> _Input records_:
○ ○ ○ ○ ○ ○ ○

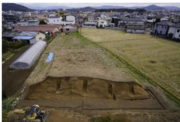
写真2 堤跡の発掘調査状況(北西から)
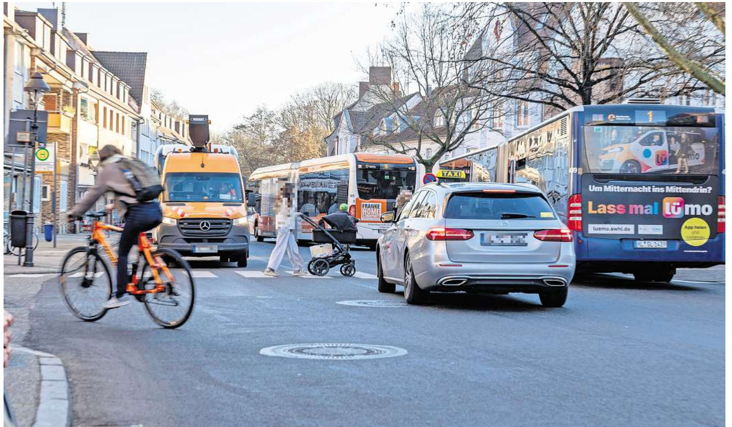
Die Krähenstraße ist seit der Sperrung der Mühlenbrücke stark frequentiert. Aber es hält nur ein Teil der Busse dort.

○ ○ ○ ○ ○ ○ ○

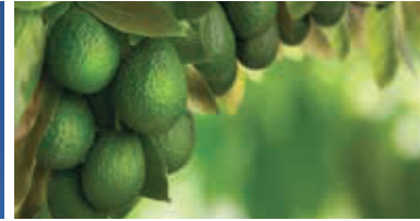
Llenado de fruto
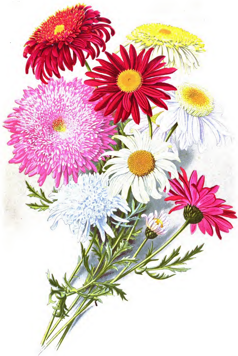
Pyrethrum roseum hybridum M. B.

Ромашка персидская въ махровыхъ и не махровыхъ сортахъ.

○ ○ ○ ○ ○ ○ ○

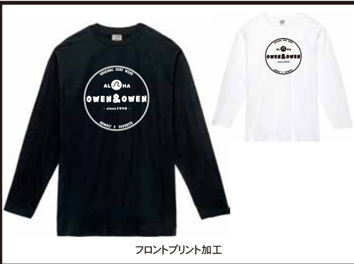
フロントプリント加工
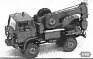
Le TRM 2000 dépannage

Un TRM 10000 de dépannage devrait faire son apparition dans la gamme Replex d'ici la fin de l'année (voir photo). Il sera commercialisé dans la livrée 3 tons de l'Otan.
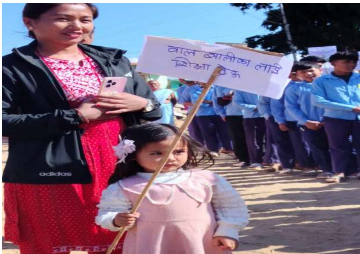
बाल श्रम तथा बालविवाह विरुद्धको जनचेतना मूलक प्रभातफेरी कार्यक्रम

○ ○ ○ ○ ○ ○ ○

> _Work instruction_: Out of the records above, return only the lines from the one with "Un TRM 10000" through the one with "बाल श्रम तथा", exactly, and none of the pictures.

> _Your solution_:
Un TRM 10000 de dépannage devrait faire son apparition dans la gamme Replex d'ici la fin de l'année (voir photo). Il sera commercialisé dans la livrée 3 tons de l'Otan.
बाल श्रम तथा बालविवाह विरुद्धको जनचेतना मूलक प्रभातफेरी कार्यक्रम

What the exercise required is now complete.